Chronic pain such as long-lasting inflammatory and neuropathic pain is characterized by spontaneous burning pain, hyperalgesia, and allodynia. Unfortunately, chronic pain often persists even after the precipitating event has resolved. Furthermore, neuropathic pain is poorly treated by currently available medications and, thus, is considered as the most intractable clinical problem [103, 155]. Chronic itch is another unpleasant sensation threatening patients and their family well-being.

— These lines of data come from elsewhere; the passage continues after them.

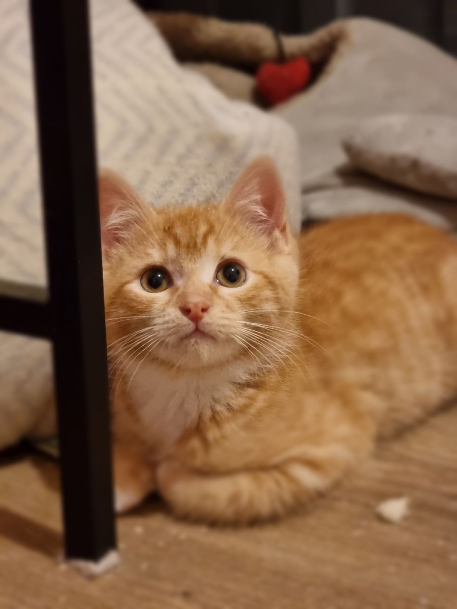 Rooster is a playful and shy rescue kitten who loves food and other cats. He's been in home with young children and dogs, so he has some experience with different kinds of humans and animals. Although he can be a bit wary at first, he will come around quickly with the right amount of trust and attention.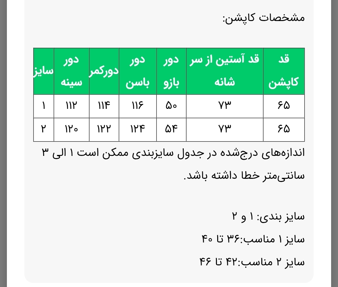 سایز ۲ مناسب ۴۴ تا ۴۸ با دور سینه ۱۲۰ سانتیمتر.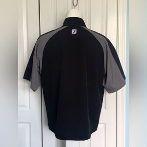 Stylish black and gray quarter-zip pullover. Features short sleeves and a sleek design.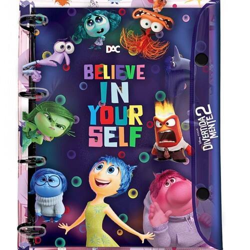 Estudo e diversão combinados! Fichário Universitário Divertidamente Disney PVC Cristal DAC, perfeito para suas anotações.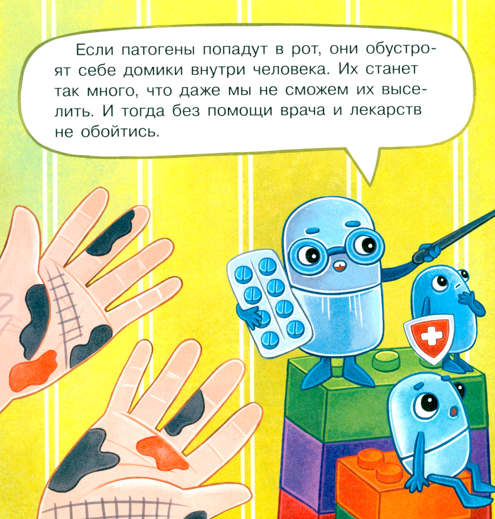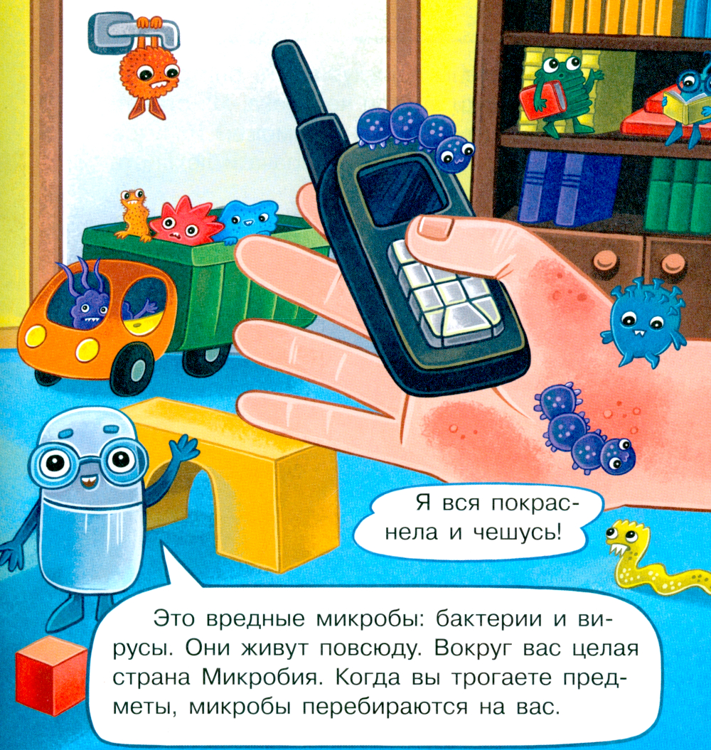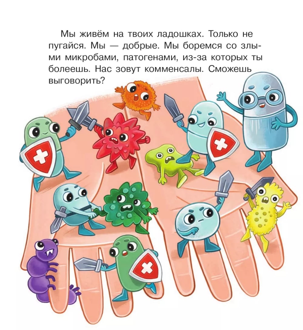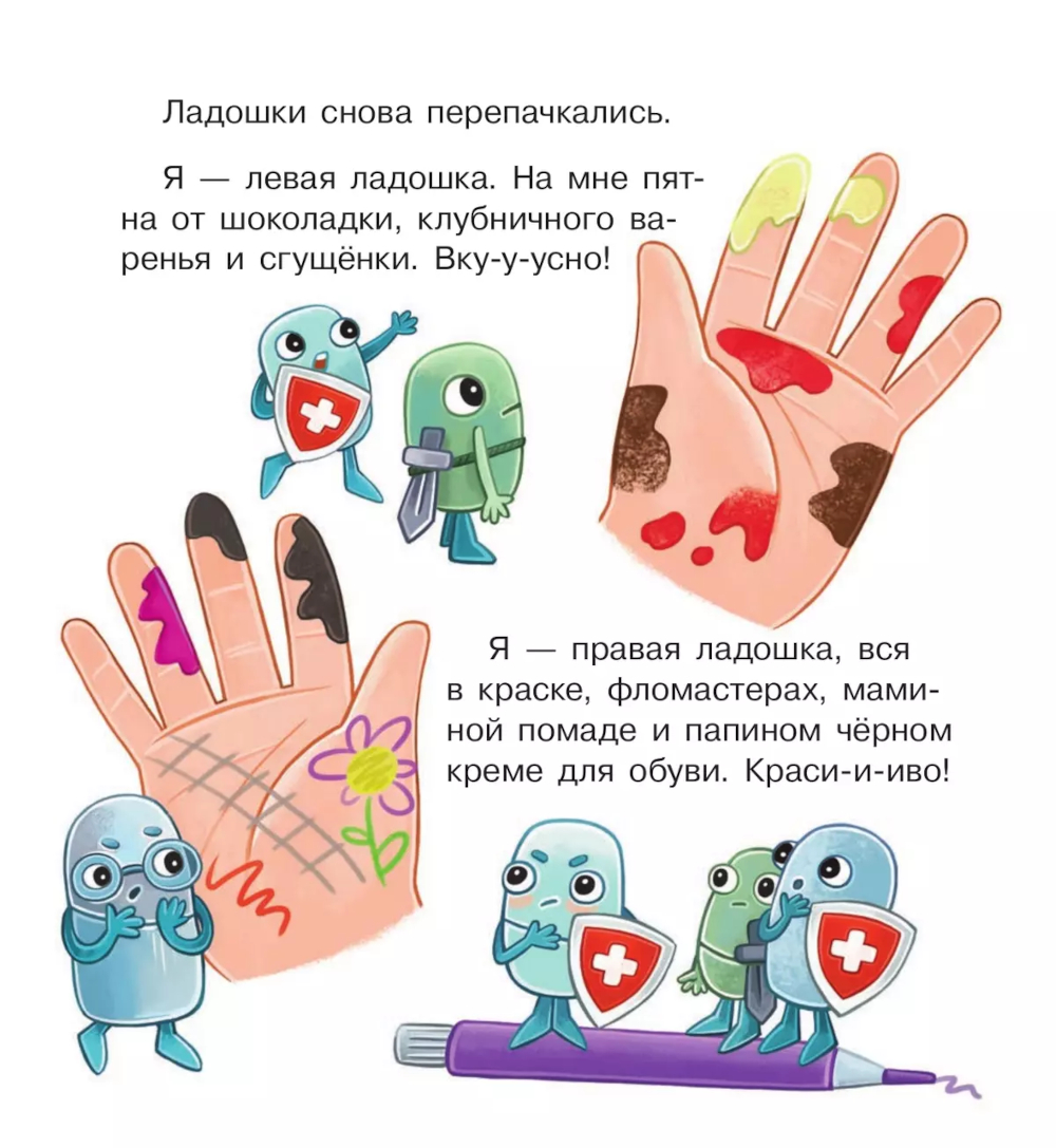 Чумазые ладошки попадают в страну Микробию, где обитают добрые и злые микробы. Ладошки познакомятся с защитниками комменсалами и вредными патогенами. Они узнают, где водятся злые микробы и какие они бывают, почему важно мыться и не брать грязные руки в рот. Вместе с ребятами ладошки найдут путь к воде и мылу и не дадут патогенам запрыгнуть в поезд из Микробии.| Издательство | Просвещение |
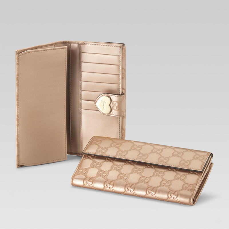 continental wallet with engraved gucci script logo heart detail.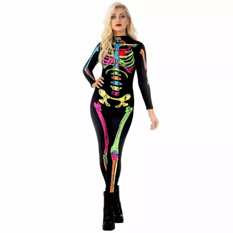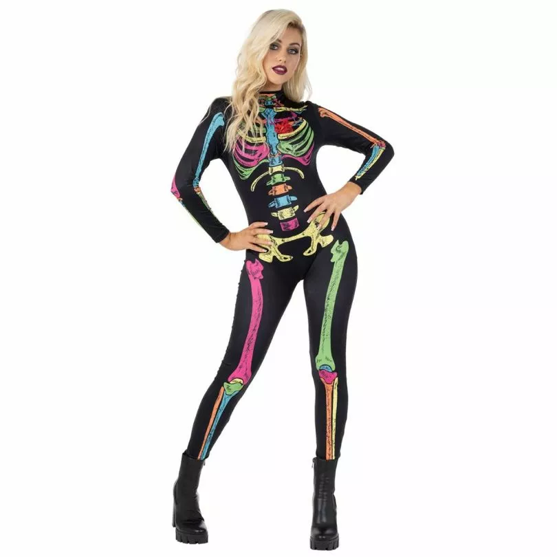 El producto incluye: Body estampado.Este disfraz de adulto está disponible en tallas: S, M, L y XL. Por favor, diríjase a la gráfica incluida en las fotos para más información de las tallas.Disfraz cómodo de llevar, resistente y de excelente calidad.Cuello alto, con cremallera trasera y estampado por delante y por detrás.Nuestra empresa fue fundada en 2009 por 3 amigos apasionados por los disfraces.Tenemos oficinas en US,UK y Europa.Contamos con cientos de disfraces,diseñados y confeccionados con la más alta calidad.Perfecto disfraz de esqueleto de colores para Halloween, fiestas temáticas de terror. Ideal para carnavales, cosplay de calavera y huesos sensual y mucho más!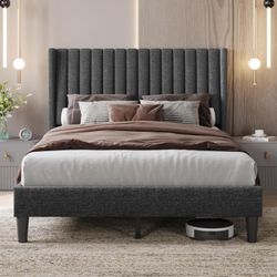 Yaheetech Bed Frame Upholstered Platform Bed with Fabric Headboard, Dark Gray.$105Corona, CA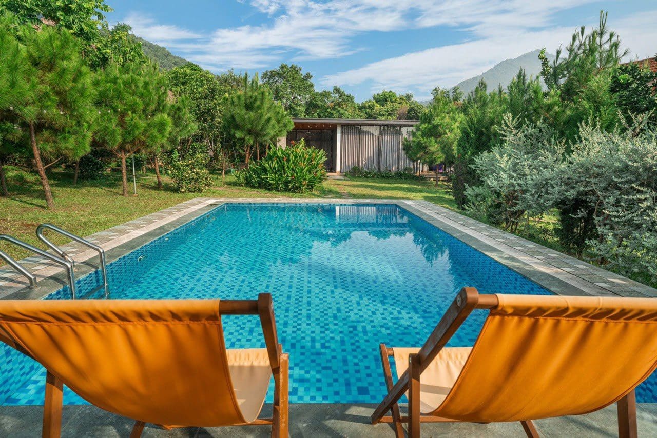 Bể bơi riêng tư view rừng thông: Đắm mình trong làn nước mát lạnh của bể bơi riêng với kích thước 4.5m x 8m, sâu 1.4m. Đặc biệt, bạn sẽ được tận hưởng khung cảnh rừng thông xanh mướt bao quanh, tạo nên một không gian thư giãn "siêu chill" có 1-0-2.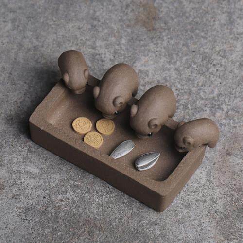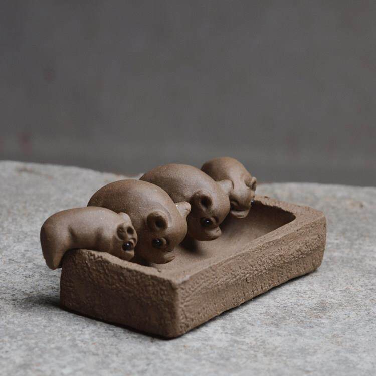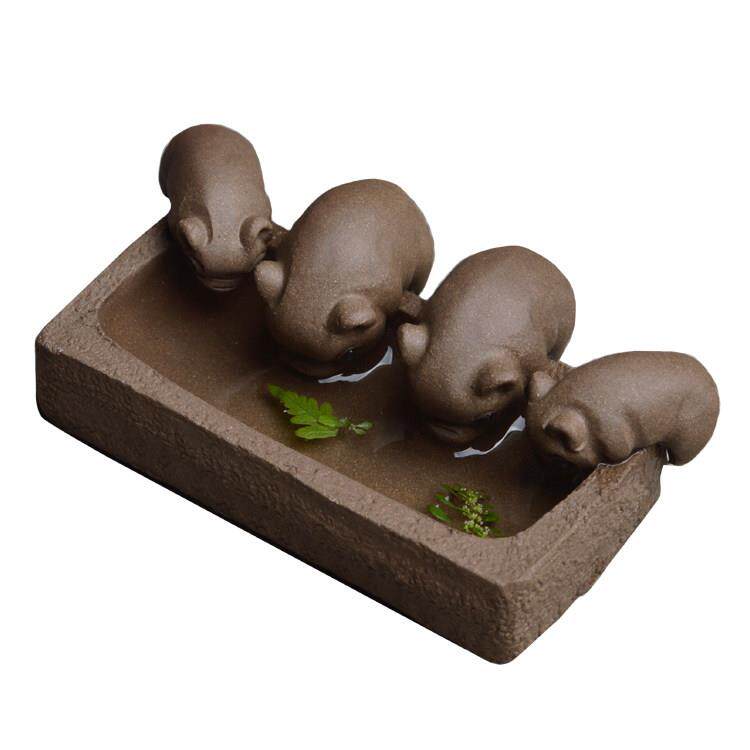 📚 沐合堂小猪喝水槽雕创意手工宜兴段泥四祇猪茶玩茶宠摆件丰衣足食

Based on the underlying diseases, chronic itch conditions can be divided into four subtypes: dermatologic, systemic, neuropathic, and psychogenic [53]. Dermatologic itch arises from skin diseases such as atopic dermatitis (AD), eczema, and psoriasis. Systemic itch is always accompanied by systemic disorders, such as renal and hepatic diseases, HIV/AIDS, and metabolic disorders (cholestatic pruritus and uremic pruritus) [10, 130, 154]. Neuropathic itch results from traumatic injuries or disorders of the nervous system associated with nerve compression, irritation, multiple sclerosis, brain tumors, and cerebral hemorrhage. Psychogenic itch is attributed to psychological or psychiatric disorders (obsessive–compulsive disorders and delusions of parasitosis). Chronic itch is often intractable and has a profound effect on patient's life.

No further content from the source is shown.